Good point - but while maybe not individually, and possibly not together, but I'm sure a fanless heat sink design may have been considered too. Who knows? There must have been a REASON they went with liquid-based CPU cooling.
"WTF?? 32gb of ddr2 ecc. Slow slow and slower!! plus the processors running at only 2.0ghz..he couldve had two intel core 2 quad extremes in there running flat out at 4.0ghz, each..that wouldv'e been some processing power and that would've warranted the cooling solution"
Again, specific design may have called for 16 cores with less emphasis on clock speed. Memory capacity and reliability was probably more important than bandwidth as well, and 32GB of ECC REGISTERED ram is hard to come by in all clock speeds (667 being more common). Remember, with 32GB, you WILL get a memory error on average of ONCE A DAY.
The cooling solution had to be quieted down as well, as the article said - as a whole it only performs adequately for the CPU's (45 under load), it doesn't do a magnificent job. C2Quads would require beefier pumps and better flow and have been much more audible.
"(9) 120mm fans is not quiet, he could saved a ton of money just leaving the case side off and custom fitting a box fan to the side of his case, saving thousands and thousands of dollars and only running it on low speed which = low noise, hell I've got a Lasko 12" fan spinning right now on its highest level under my desk and its barely audible!!"
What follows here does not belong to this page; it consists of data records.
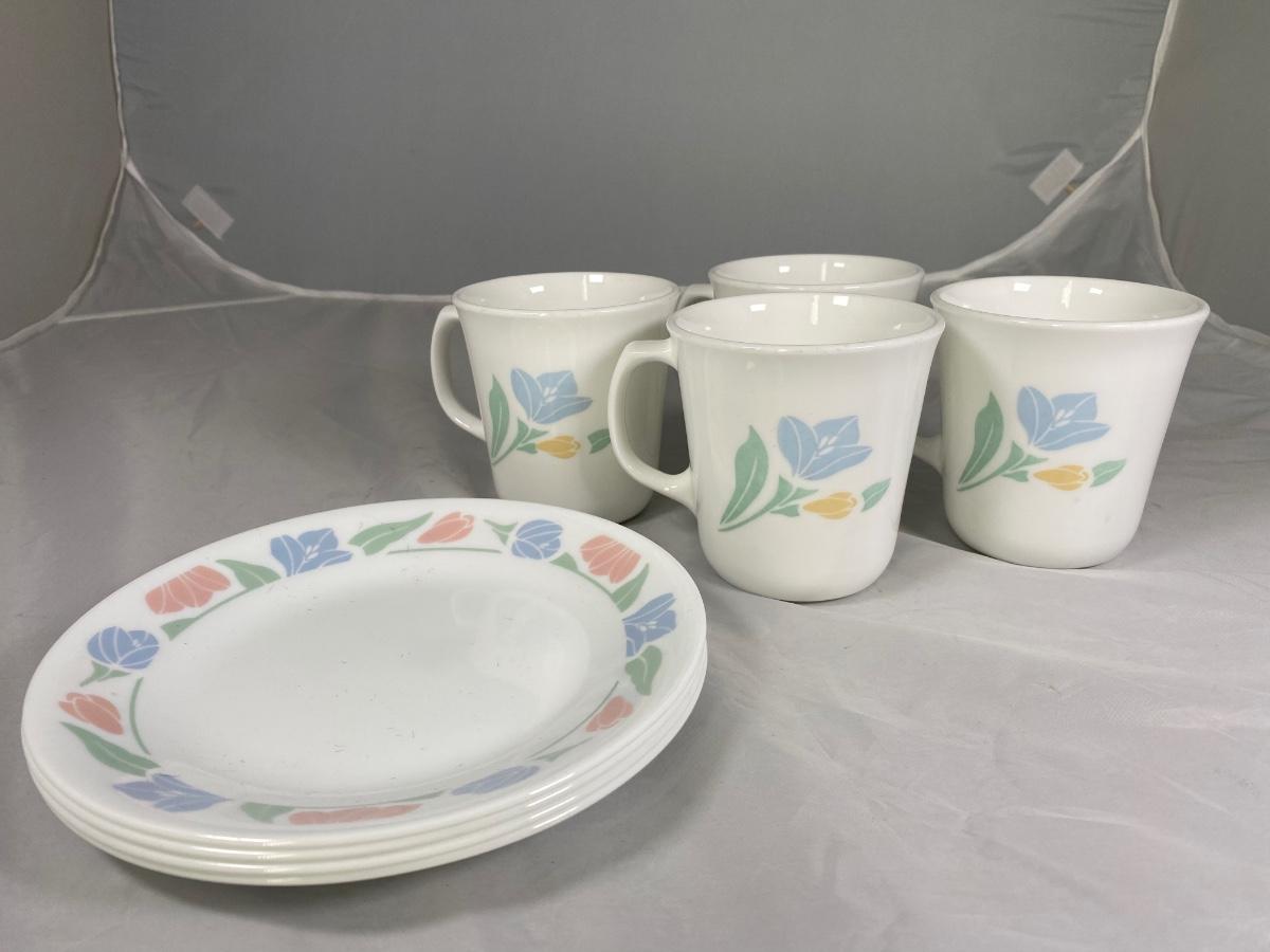 Corelle pastel floral coffee cups and small plates. 4 each (8 total pieces). Good condition.
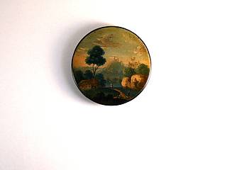 Kleine, runde Dose mit einfach gemalter Berglandschaft mit Personenstaffage. Im Zentrum höherer Berg mit Burg.
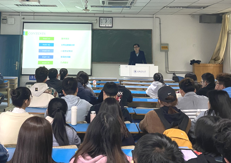 会前,学院对近三年各专业学生考研数据进行了梳理,形成了最新的考研形势分析报告,报告从各专业报考和录取数据入手,分析了往届学生在考研过程中取得的成效和暴露问题与短板。勉励2018级同学既不好高骛远,也不妄自菲薄,在总结前人经验教训基础上,合理自我评估和定位、夯实公共课基础、报考合适的院校和专业、把握调剂机会,坚定信心、持之以恒,争取在2022年研究生考试中取得理想成绩。
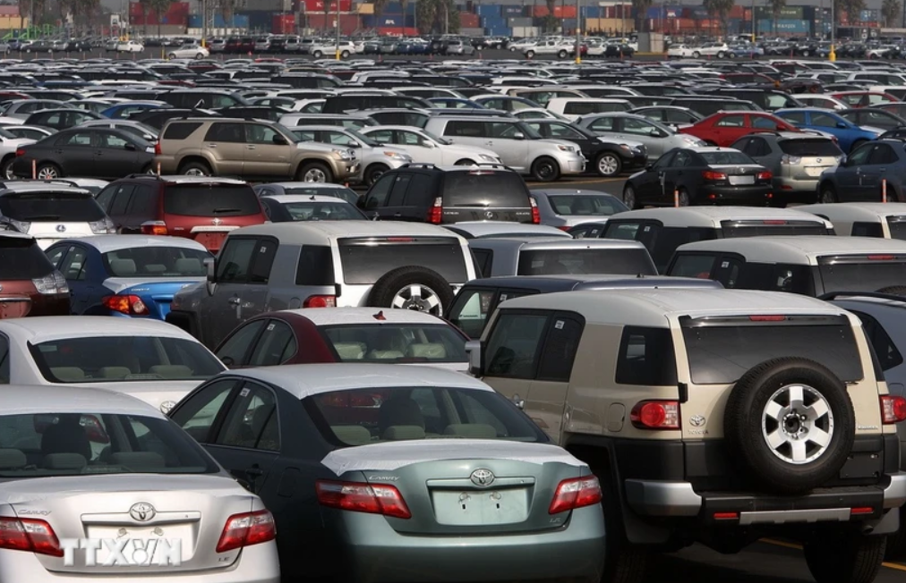 Ôtô nhập khẩu được vận chuyển tại cảng Long Beach, California (Mỹ). (Ảnh: Getty Images/TTXVN)
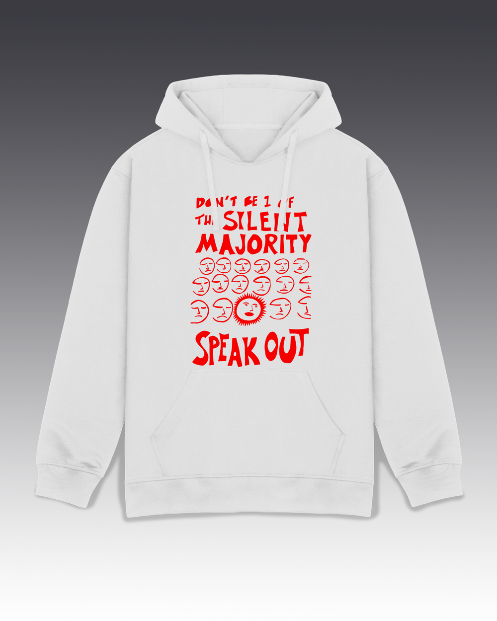 Stand out and speak your truth — this DIYANYONE Original cotton T-shirt/hoodie features a bold red hand-drawn design that reminds us not to be part of the “silent majority.”

Reading the article thoroughly would help you not make such a contradictory, uninformed remark. It is specified that they are using a voltage regulator to move the fans at the slowest possible speed before they stop spinning altogether. I've done this very same thing with 16 glued-together 120mm fans on a rack with AV equipment long ago. Before that I used a window fan on very low setting - the 16 fans were incomparably quieter - sure, my fan may have been louder than yours, but very slow, brushless DC fans really don't make noise.
Also, FYI focus on 'quiet' usually means audio editing is involved. AC desk fans, no matter how quiet, generate a large, detectable 60Hz signal on analog sound equipment. Don't believe me? Put it next to an old CRT at, say, 85Hz if you have one and watch how much the screen flickers. Think the internals in the case won't see that? DC fans don't do that. A Very large DC fan COULD do what you said, but again, we don't work for this company, so without the facts, speculation is just smoke-blowing.
"Lets not forget the dangers of water cooling a rig of this cost and importance. One loose hose, and that thing will be 16,000 dollars of charred silicon, and plastic.."
Absolutely. Let's not forget the dangers to personnel in a foundry if a smelting pool breaks and dumps slag all over the refinery. I'd imagine there are safeguards to something this insignificant as a hose coming loose (Puget wouldn't want to HAVE to honor that warranty). People make far more precise pieces of machinery costing millions of dollars with far more precariously crafted components with fail-safe measures in place. I'm sure someone has thought of a way to solidly seal a 1/2" fluid hose for indefinite use.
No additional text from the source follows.